STAT 5113: Categorical Data Analysis
Statistical tools to analyze univariate and multivariate categorical responses. Emphasis is given to Generalized Linear Models, including logistic regression and loglinear models.
STAT 5153: Experimental Design Analysis
This course introduces students to both design and analysis of experiments as well as statistical computing. Emphasis is given to develop an understanding of experimental methods and major experimental designs. Students will be required to design and carry out an experiment, use a current statistical software package to analyze the data, and make inferences based upon the analysis.

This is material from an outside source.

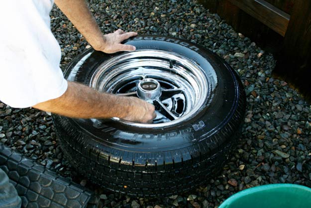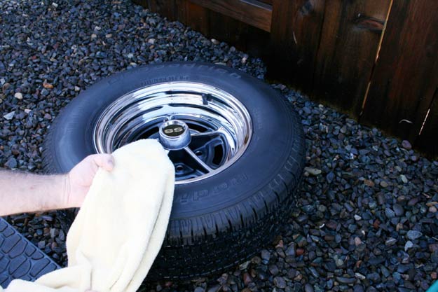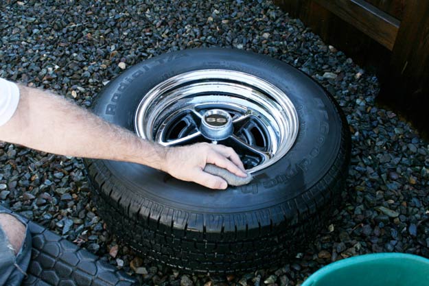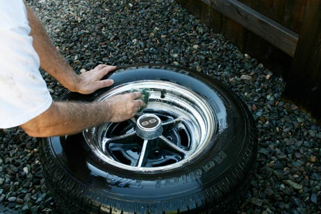 Our project Chevelle was in the shop undergoing bodywork, primer, more bodywork, more primer, some finessing bodywork, a little more primer…well, you get the idea. The car was moved around in the shop (a lot) over the course of the months, and quite often, our wheels and tires were the unlikely recipient of some nasty overspray, rubbing compound, etc.

STAT 5383: Machine Learning
The focus of the course is an accessible overview of the field of machine learning and provide the students with valuable hands-on experience by illustrating how to implement each of the machine learning methods using Python. Topics covered include Decision Tree, Support Vector Machines, and the kernel methods, AdaBoost and GBDT method, Logistic regression, and neural network, and more.

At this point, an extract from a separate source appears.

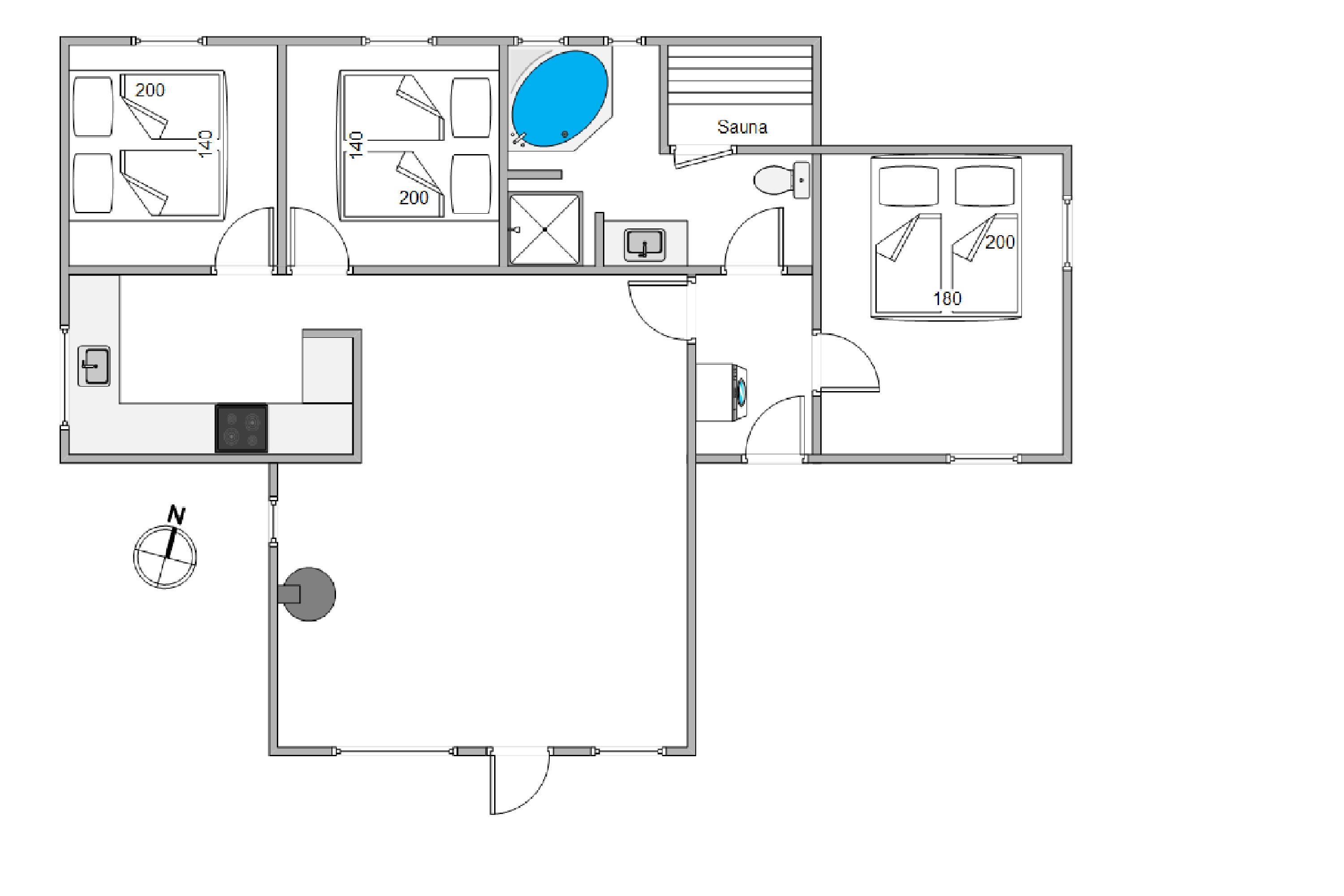 The six sleeping spaces are arranged across three bedrooms. For added convenience, the holiday home includes everything needed to make your relaxing holiday even more comfortable. Alongside high-speed internet, there are German and Danish TV channels, a washer-dryer combination, and of course, a dishwasher. Additionally, an energy-efficient air-to-air heat pump is installed.

STAT 5393: Statistical Learning
This course is directed towards advanced undergraduates or master's students in statistical or related quantitative fields. The focus of the course is an accessible overview of the field of statistical learning and provide the students with valuable hands-on experience by illustrating how to implement each of the statistical learning methods using R or other statistical programming language. Topics covered include: regression techniques, classification methods, linear model selection and regularization, unsupervised learning, and more.